While it’s quite similar to the homegrown solution there’s a key difference.
That is that it’s not a homegrown solution, something that you created yourself and that your team would have to maintain.
It’s a solution developed and maintained by others — and by your team too, if you choose to help out.
As a result, for at least the same functionality, the investment would be significantly less.
What’s more, it has the potential for a much wider array of experience and input, which would make it a better solution — for much less cost.

To install it, you can copy the .htaccess file to your application’s directory, or add the configuration to your existing .htaccess file.

Note: If you do use it, I’d encourage you to add the configuration to your Apache’s core configuration, as .htaccess files, while effective, can significantly increase web server load.

apache-ultimate-bad-bot-blocker

This package is self-described as:

The Ultimate Bad Bot, User-Agent and Spam Referrer Blocker for Apache Web Servers (2.2 > 2.4+). It is designed to be an Apache include file and uses the Apache BrowserMatchNoCase directive

It aims to stop bots that are:

  • Bad Referrers
  • Spam Referrers
  • Linked to Lucrative Malware, Adware, and Ransomware Clickjacking Campaigns
  • Vulnerability scanners
  • Linked to Gambling and Porn Web Sites
  • E-mail harvesters
  • Image Hotlinking Sites and Image Thieves
  • Government surveillance bots
  • Part of Botnet Attack Networks, such as Mirai
  • SEO companies that your competitors use to try improve their SEO
  • Create Google Analytics Ghost Spam

Installing it takes more time and expertise than bad-bot-blocker.
However, it’s much more feature-rich and comprehensive in its level of protection.
So if you want a solution that you don’t need to maintain, one that’s comprehensive, and one that’s regularly updated, then this is the choice to make.

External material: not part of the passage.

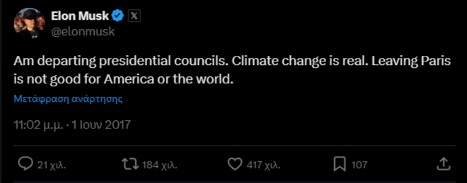 Πάμε στο 2017, για την ακρίβεια στην 1η Ιουνίου 2017. Ο Trump έχει συμπληρώσει περίπου έξι μήνες στον Λευκό Οίκο και αποφασίζει την απόσυρση των ΗΠΑ από τη Συμφωνία του Παρισιού για το κλίμα. Ο Musk, που μετέχει σε δύο επιτροπές που έχει συστήσει ο Trump, παραιτείται.

Use Your Hosting Provider and CDN

Now that we’ve looked at actions that you can take directly, what about making use of your hosting provider or related hosting infrastructure, such as Fastly, KeyCDN, Cloudflare, or Amazon CloudFront, to reduce the impact of bad bots on your site?

For example, back in April of 2016, KeyCDN released a new feature designed to block bad bots.
The feature:

…uses a comprehensive list of known bad bots and blocks them based on their User-Agent string.

While not comprehensive, it is a handy feature that you can make use of, to aid in reducing the effects of bad bots on your website. If you’re not with KeyCDN, what do your hosting providers offer which is similar, or better? Why not try Cloudflare? They have an excellent, free, starter option, which provides limited DDoS protection, along with comprehensive user documentation. If you are using CloudFlare (or will in the future), try this tutorial from DigitalOcean, which steps you through the process of mitigating DDOS attacks?

Web Application Firewalls

And finally, you could use a Web Application Firewall (WAF).
If you’re unfamiliar with them, a WAF is a special-purpose firewall for HTTP/S-based applications which:

Applies a set of rules to an HTTP conversation. These rules cover common attacks such as cross-site scripting (XSS) and SQL injection. While proxies generally protect clients, WAFs protect servers. A WAF is deployed to protect a specific web application or set of web applications. A WAF can be considered a reverse proxy.

That description aside, you can still use a WAF to protect your site against bots, based on the aforementioned criteria of user agents, IP address, geolocation and so on.

The catch with WAF’s however, as I’ve covered previously, is that, similar to homegrown solutions, they may require more of an investment than you’re prepared or able to make.
What’s more, they have other shortcomings, such as generating false positives and negatives.

In Conclusion

We’ve stepped through a number of recommendations in this guide. As a result, it may not be completely clear as to which one is the right one to choose. So to make it easier, have a look through the following table.
It’s hard to be 100% precise. But it should give you an approximate indication of each solution, based on complexity, cost, ease of setup and maintenance (easiness), and effectiveness.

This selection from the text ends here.